Oké, misschien zien we dingen die er niet zijn of op stom toeval berusten, maar het kan bijna niet anders dan dat Walter de’Silva en zijn ontwerpteam begin jaren 90 ergens een afbeelding van een oude Giulia aan de muur hadden hangen. Zoals zijn voorganger Orazio Satta Puglia eind jaren 50, begin jaren 60 nog eens goed naar de Giulietta keek. Ook een creatie van zijn hand, net als de 1900. Met z’n tweeën vormden ze het naoorlogse modellengamma van Alfa Romeo. We hebben het hier dan over de berlina’s, de sedanversies. Zoals destijds gebruikelijk bij Alfa Romeo kwamen de modellen in vele gedaanten, waar telkens weer een andere designer zijn handtekening onder zette. Niet de minsten, overigens: Pinin Farina, Franco Scaglione en Ercole Spada mogen we rekenen tot de absolute top van het Italiaanse autodesign. Opmerkelijk is dat de Giulietta (‘kleine Giulia’) in 1954 debuteerde als coupé, de Sprint. De sedan kwam pas een jaar later. Hoewel zeker charmant waren de 1900 en de Giulietta als sedan vrij braaf, passend in het tijdsbeeld. Met de Giulia zou Satta uit een heel ander vaatje tappen.Alfa Romeo 156 en Alfa Romeo Giulia

Aanvankelijk vond men design Alfa Giulia niet boeiend

Dat vaatje van Satta was vooral hoekig. In zekere zin lijkt de Giulia hierin op de Fiat 1300 van designer Mario Boano, een model dat een jaar eerder werd gepresenteerd. Waar die nog de nodige barokke elementen in zijn carrosserie herbergt, is het koetswerk van de Giulia eigenlijk heel sober gelijnd. Het was destijds ook een van de kritiekpunten op de Giulia; men vond het ontwerp niet erg boeiend. Een van de weinige kritiekpunten, overigens, maar daarover later meer. Nu de tijd zijn werk heeft gedaan en we de Giulia met een hedendaagse bril kunnen bekijken, staat er eigenlijk een waar meesterwerkje. Niet alleen een auto die bijna alles wat je ervan verlangt in zich heeft, maar ook eentje met een clean, stijlvol, stoer en tijdloos design. Eentje uit de categorie ‘less is more’. Satta tekende een carrosserie die weliswaar ‘vierkant’ overkomt, maar die in werkelijkheid aan alle kanten is afgerond en stiekem barst van de vouwen in het plaatwerk.
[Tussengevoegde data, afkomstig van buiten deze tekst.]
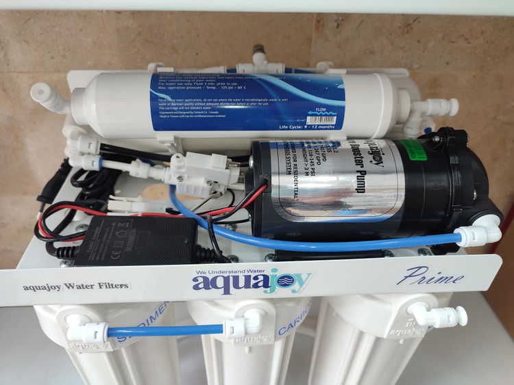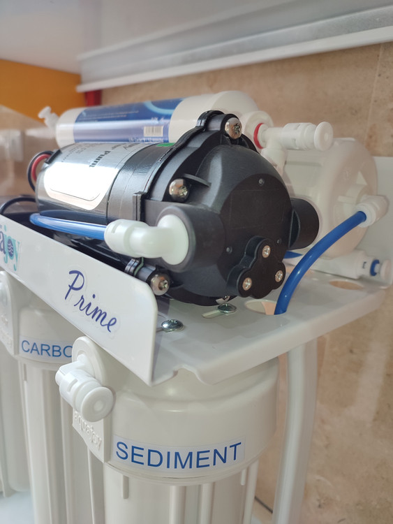انواع آب شیرین کن خانگی برای تصفیه آب و تامین فشار لازم جهت عبور آب از غشای فوق ریز ممبران، نیاز به یک پمپ دارند. پمپ استفاده شده در آب شیرین کن آکواجوی مدل پریم، قادر است 116 تا 145 PSI فشار آب را بالا برده تا ممبران به راحتی آب را تصفیه کرده و دچار مشکل نشود. پمپ تصفیه آب آکواجوی دارای ولتاژ 240 ولت و حداکثر نرخ جریان 417 گالن در روز است.

Kijk maar eens goed: die dieper liggende motorkap, de concave uitsparingen langs de schouderlijn en de zijkanten van het dak, de ‘stootstrip’ over de portieren die eindigt als designelement van het achterscherm, de ‘geul’ in de kofferklep, het subtiele afdakje boven de gebogen achterruit. Hoe langer je kijkt, hoe meer je ziet dat de Giulia veel verfijnder is dan je in eerste instantie zou denken. Die verfijning vond ook plaats in de windtunnel, die min of meer dicteerde dat de Giulia een ‘Kamm heck’, een recht afgehakte, licht concaaf gevormde achterkant, moest krijgen voor een zo gunstig mogelijke stroomlijn en zo min mogelijk turbulentie achter de auto. Het leverde niet alleen een hogere topsnelheid op – niet onbelangrijk voor een Alfa Romeo – maar ook een gunstiger brandstofverbruik. Een Cw-waarde van 0,34 was in die tijd extreem laag.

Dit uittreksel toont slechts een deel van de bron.